All of the listing should be returned as written, apart from any picture in it.

____ DATA SECTION

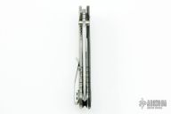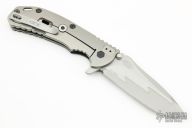 This 0560CBCF frame-lock flipper features a drop point blade with notched thumb-rest, dual thumb-studs and flipper. This one features a zigzag-patterned Composite Blade with a cutting edge of S110V and a spine of 14C28N. The handle features a carbon fiber scale with stainless steel liner and a textured titanium scale on the opposite side. Tip up stainless steel clip, 4-way reversible. Serial # 0834. Excellent condition. Comes with original box and papers.
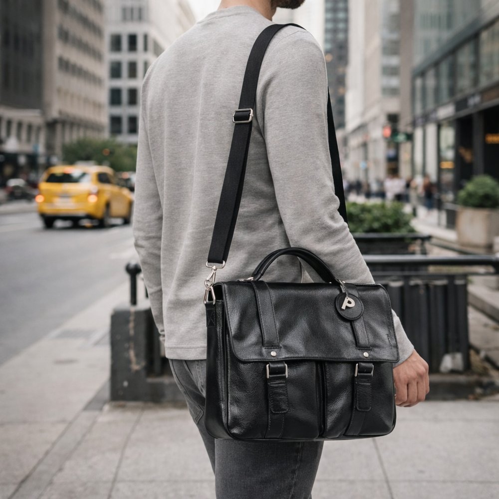 - Große Aktentasche mit 2 Fächern aus Wasserbüffel-Leder
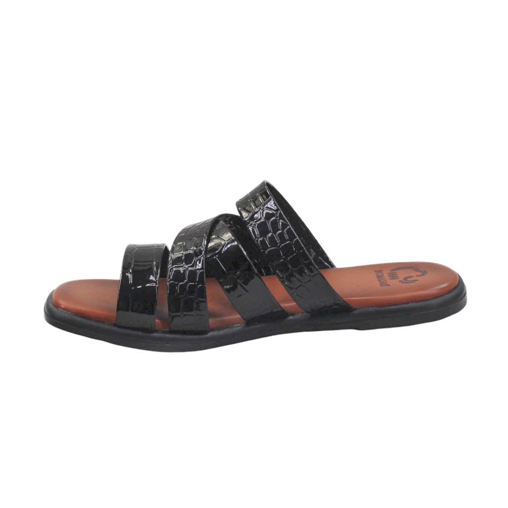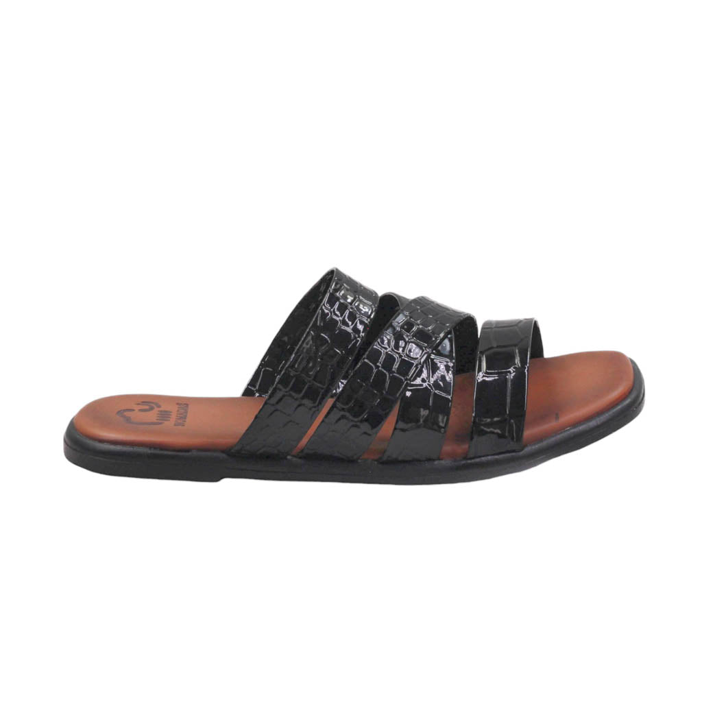 Sandalia para dama marca Nómadas en colores negro charol. Es un modelo con tiras medias y plantilla de confort. Este modelo destaca por la suavidad que te dará paso a paso.
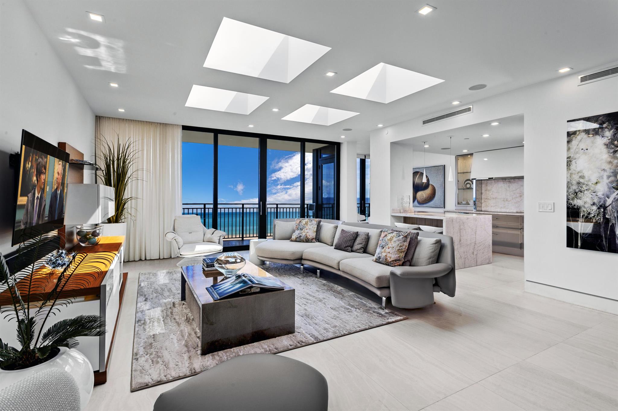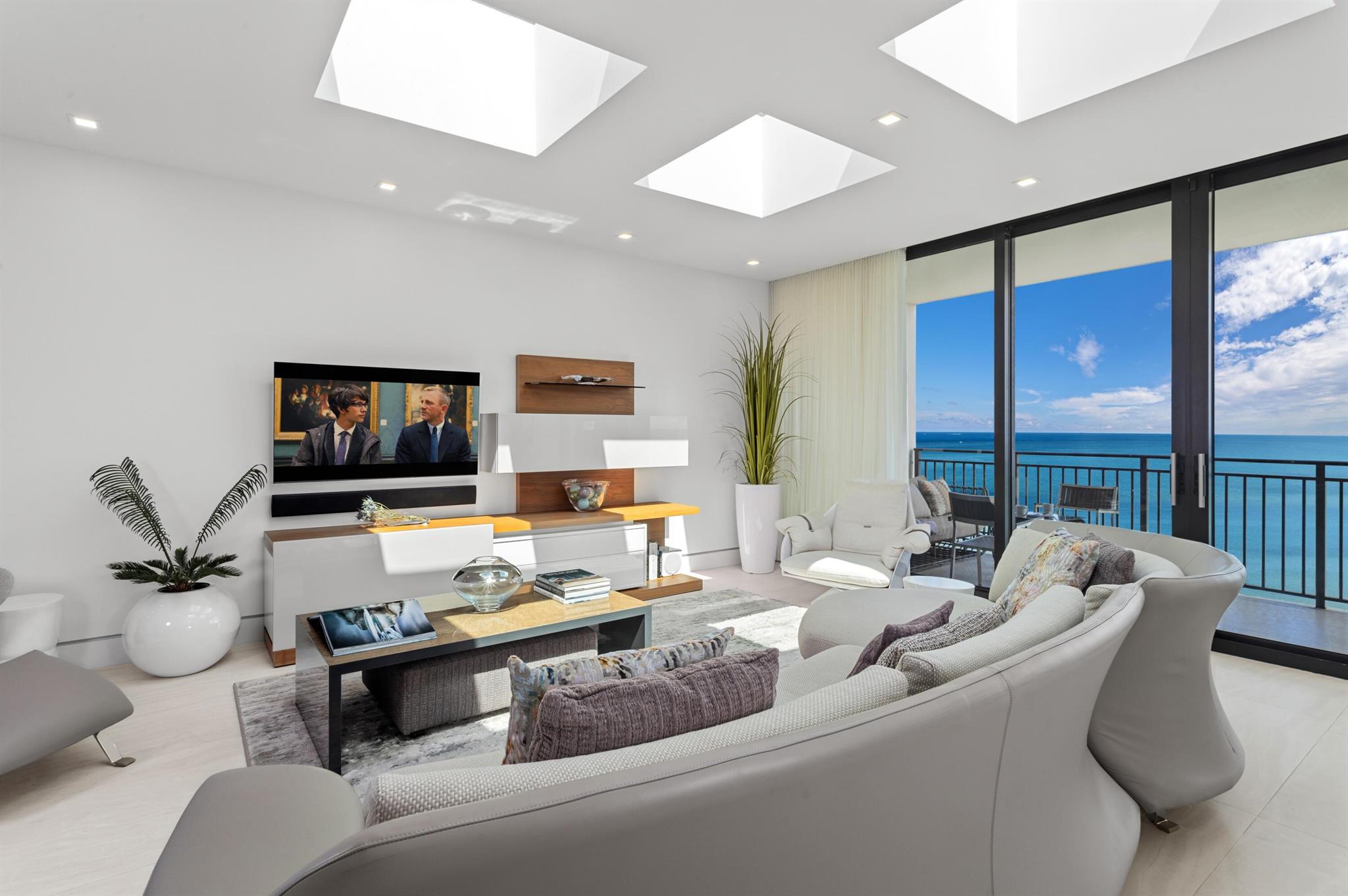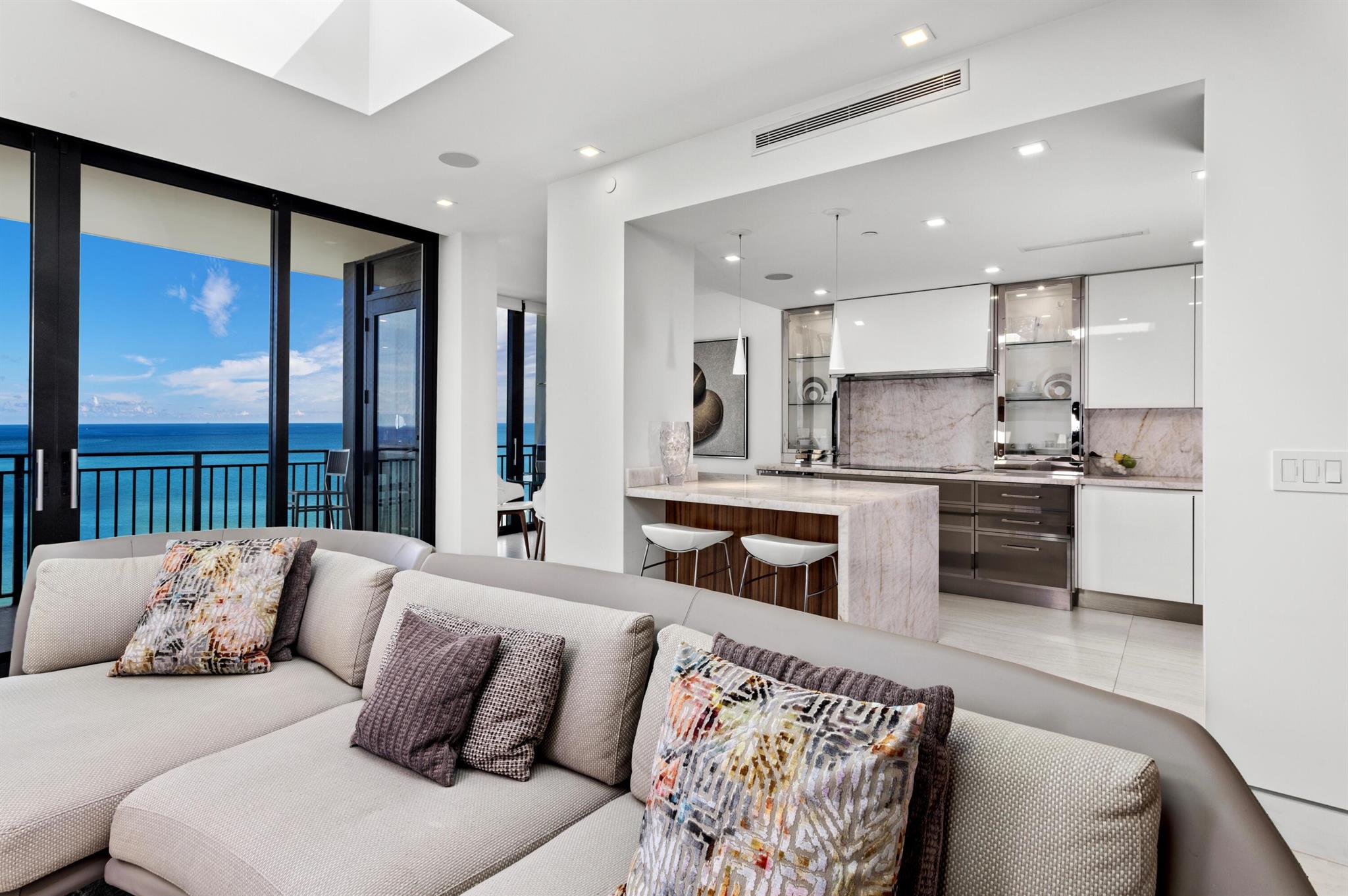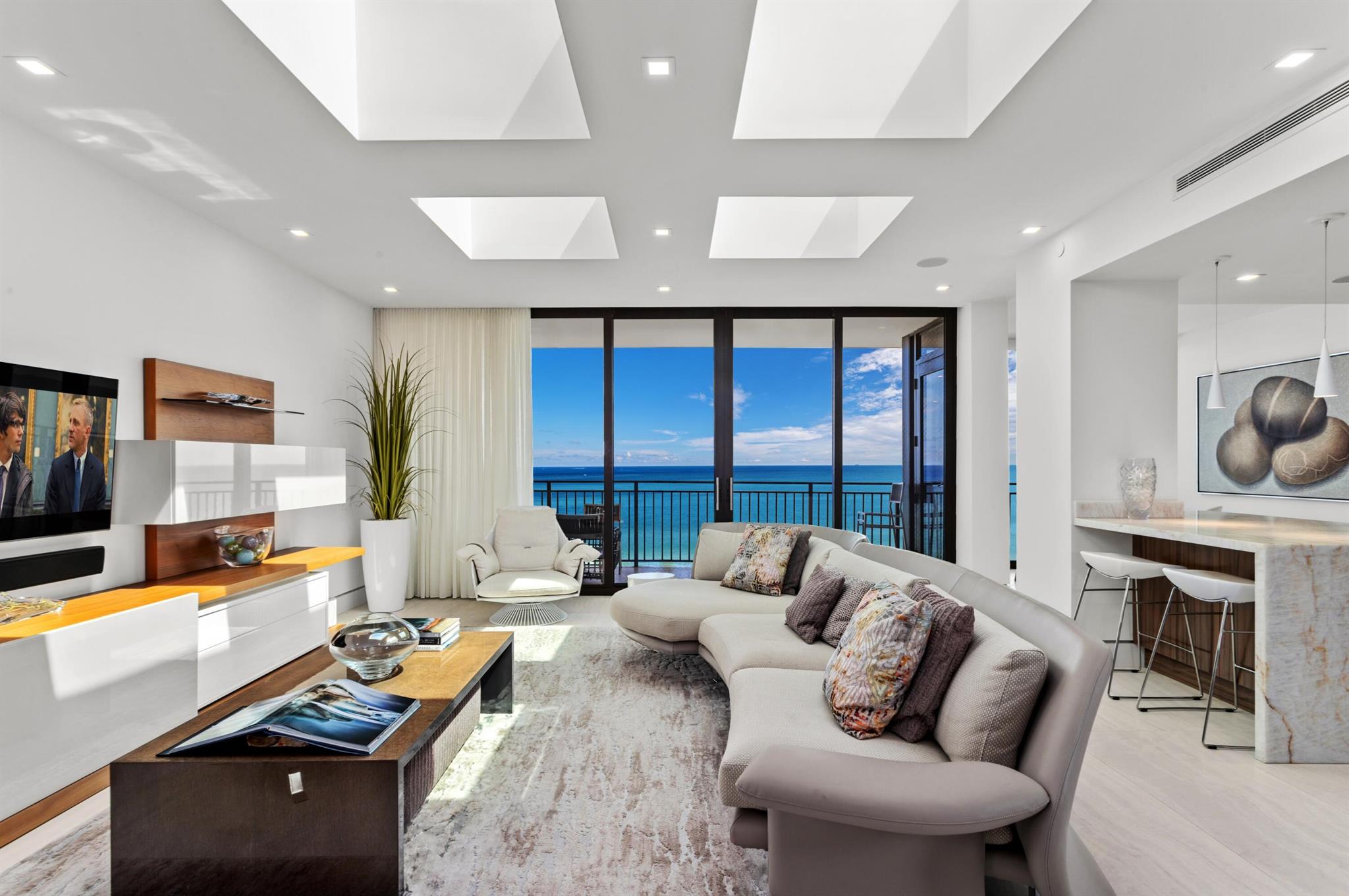 SPECTACULARLY REMODELED DIRECT OCEANFRONT PENTHOUSE AT PLACIDE OFFERING HIGH CEILINGS, SKYLIGHTS, AND A LARGE OCEANFRONT BALCONY WITH ENDLESS WATER VIEWS! WALLS OF IMPACT GLASS OVERLOOK THE SPARKLING ATLANTIC OCEAN TO THE EAST WITH CITY VIEWS TO THE WEST. ONLY 2 APARTMENTS PER FLOOR PER ELEVATOR. NO DETAIL HAS BEEN OVERLOOKED! GOURMET OCEANFRONT EAT-IN KITCHEN WITH DOWNSVIEW CABINETRY, MIELE APPLIANCES, MARBLE COUNTERTOPS AND ABUNDANT STORAGE. LUXE PRIMARY SUITE, INCLUDING AN ENLARGED PRIMARY BATH TO INCORPORATE SEPARATE SHOWER AND SPA TUB. CONTROL 4 HOME AUTOMATION. FULL SIZE LAUNDRY ROOM WITH SINK. BOUTIQUE OCEANFRONT BUILDING WITH OCEAN VIEW POOL AND DIRECT ACCESS TO MILES OF WIDE SANDY BEACHES. BEAUTIFUL CLUB ROOM, FITNESS CENTER AND CRISP CONTEMPORARY LOBBY WITH DOORMAN.

________

### RESULT FOR THIS EXERCISE
 This 0560CBCF frame-lock flipper features a drop point blade with notched thumb-rest, dual thumb-studs and flipper. This one features a zigzag-patterned Composite Blade with a cutting edge of S110V and a spine of 14C28N. The handle features a carbon fiber scale with stainless steel liner and a textured titanium scale on the opposite side. Tip up stainless steel clip, 4-way reversible. Serial # 0834. Excellent condition. Comes with original box and papers.
 - Große Aktentasche mit 2 Fächern aus Wasserbüffel-Leder
 Sandalia para dama marca Nómadas en colores negro charol. Es un modelo con tiras medias y plantilla de confort. Este modelo destaca por la suavidad que te dará paso a paso.
 SPECTACULARLY REMODELED DIRECT OCEANFRONT PENTHOUSE AT PLACIDE OFFERING HIGH CEILINGS, SKYLIGHTS, AND A LARGE OCEANFRONT BALCONY WITH ENDLESS WATER VIEWS! WALLS OF IMPACT GLASS OVERLOOK THE SPARKLING ATLANTIC OCEAN TO THE EAST WITH CITY VIEWS TO THE WEST. ONLY 2 APARTMENTS PER FLOOR PER ELEVATOR. NO DETAIL HAS BEEN OVERLOOKED! GOURMET OCEANFRONT EAT-IN KITCHEN WITH DOWNSVIEW CABINETRY, MIELE APPLIANCES, MARBLE COUNTERTOPS AND ABUNDANT STORAGE. LUXE PRIMARY SUITE, INCLUDING AN ENLARGED PRIMARY BATH TO INCORPORATE SEPARATE SHOWER AND SPA TUB. CONTROL 4 HOME AUTOMATION. FULL SIZE LAUNDRY ROOM WITH SINK. BOUTIQUE OCEANFRONT BUILDING WITH OCEAN VIEW POOL AND DIRECT ACCESS TO MILES OF WIDE SANDY BEACHES. BEAUTIFUL CLUB ROOM, FITNESS CENTER AND CRISP CONTEMPORARY LOBBY WITH DOORMAN.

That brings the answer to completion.